In the process of switching from Mac OS to Pop!_OS, I liberated my music from iTunes, and then sought a music organizer for Linux. I am in the process of trying Clementine. I found it easy to import my music, but Clementine has listed some albums under “Various Artists” that I didn’t expect to see there. I know that a single artist recorded these albums, so I want them to show up where I expect to see them.

Moving the albums into different directories didn’t change how Clementine organizes the music; Clementine uses metadata in the music files themselves to organize them by album and artist. I used Kid3 Audio Tagger to change the metadata of the affected music files. Specifically, I used the command-line interface so that I could fix all my music with a single command.

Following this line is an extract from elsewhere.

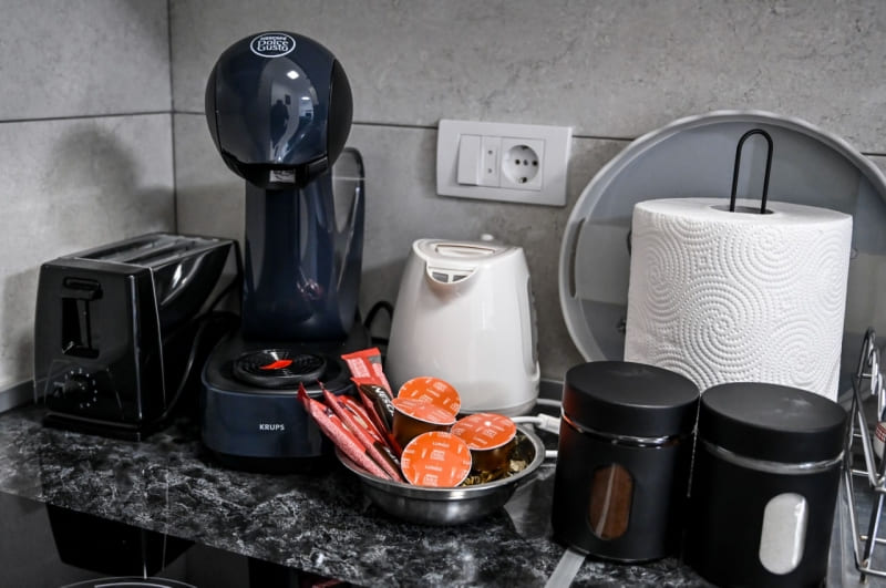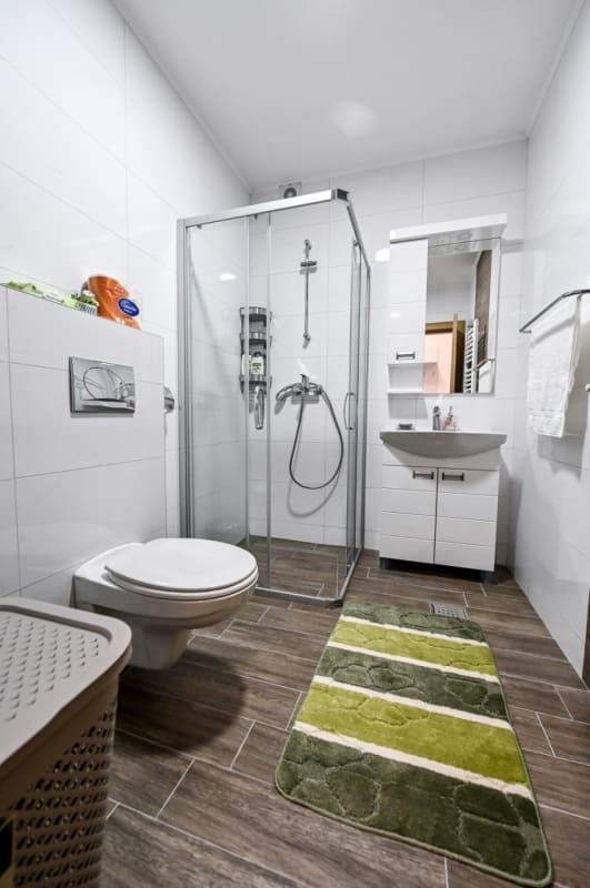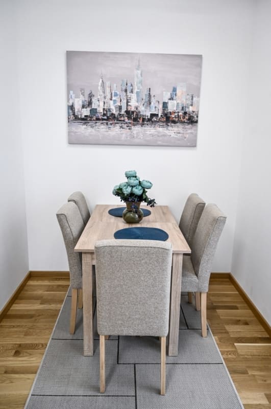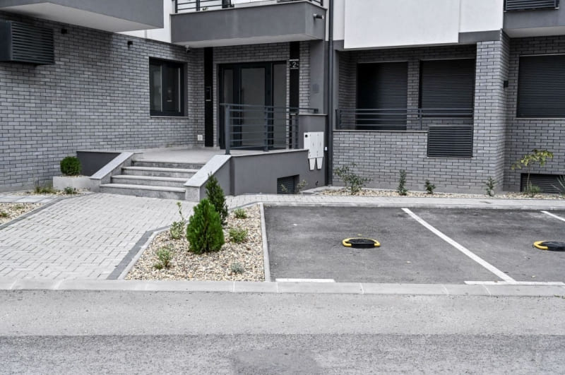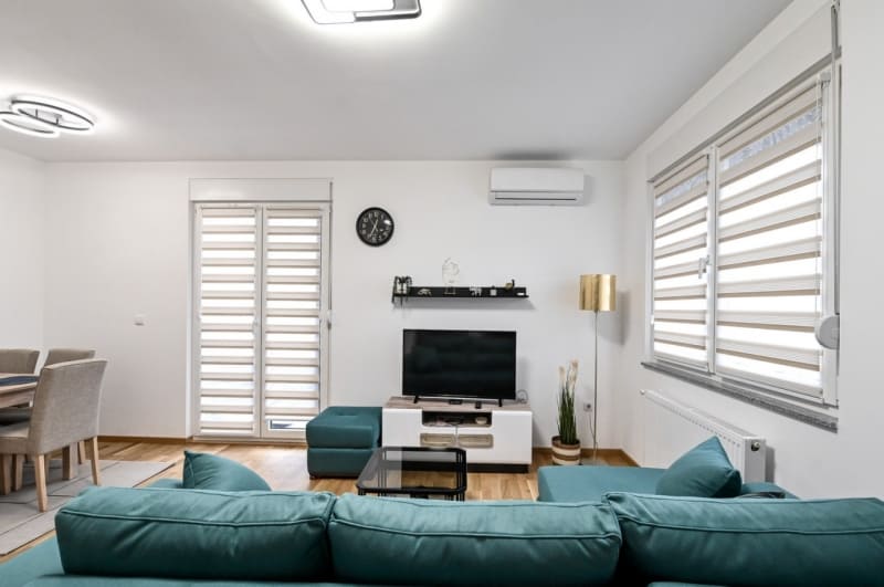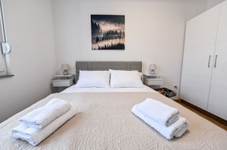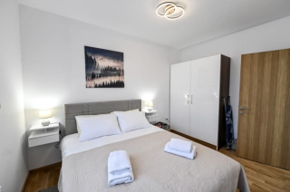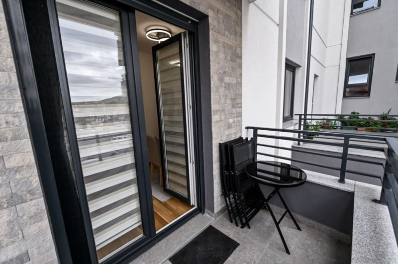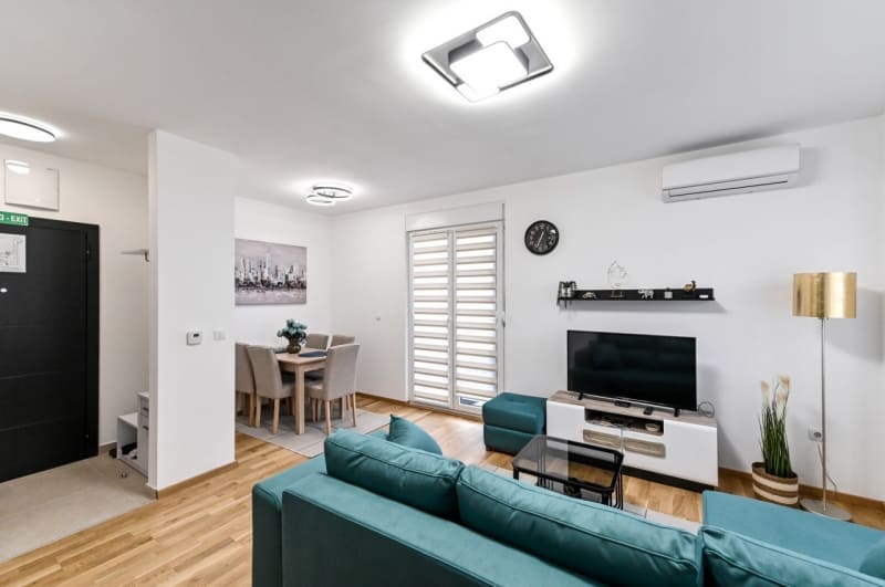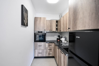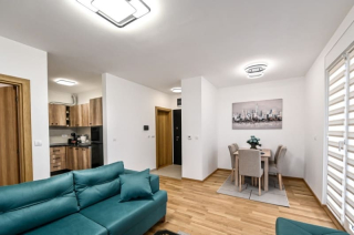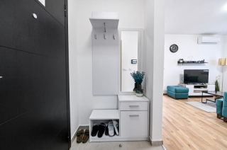 Poseduje kupatilo sa mašinom za pranje veša, klimu, hodnik, opremljenu kuhinju sa trpezarijom, spavaću sobu, dnevnu sobu sa terasom sa koje se vidi parking koji je u vlasnistvu apartmana.

Visit https://kid3.sourceforge.io/#download for installation instructions. I installed the package named kid3-cli.

I did this:

  1. Move the real compilations to another directory somewhere out of the way, leaving a directory tree with only music that I want to mark as “not a compilation”.
  2. Go to the root of this directory tree with cd.
  3. Run this command.
$ find . -type f  -exec kid3-cli -c "set Compilation 0" {} \;

This sets the “Compilation” tag in each file to false.

Next, I rescanned the music library within Clementine and the albums appeared where I expected them to appear. This made me happy.

I then moved the compilations music directory back to where I store the rest of the music, and then rescanned the music library within Clementine once more. Of course, I could have figured out the find magic to exclude that one directory, but I didn’t feel like it. If I have to do this more than once again, then I’ll figure out then how to do that.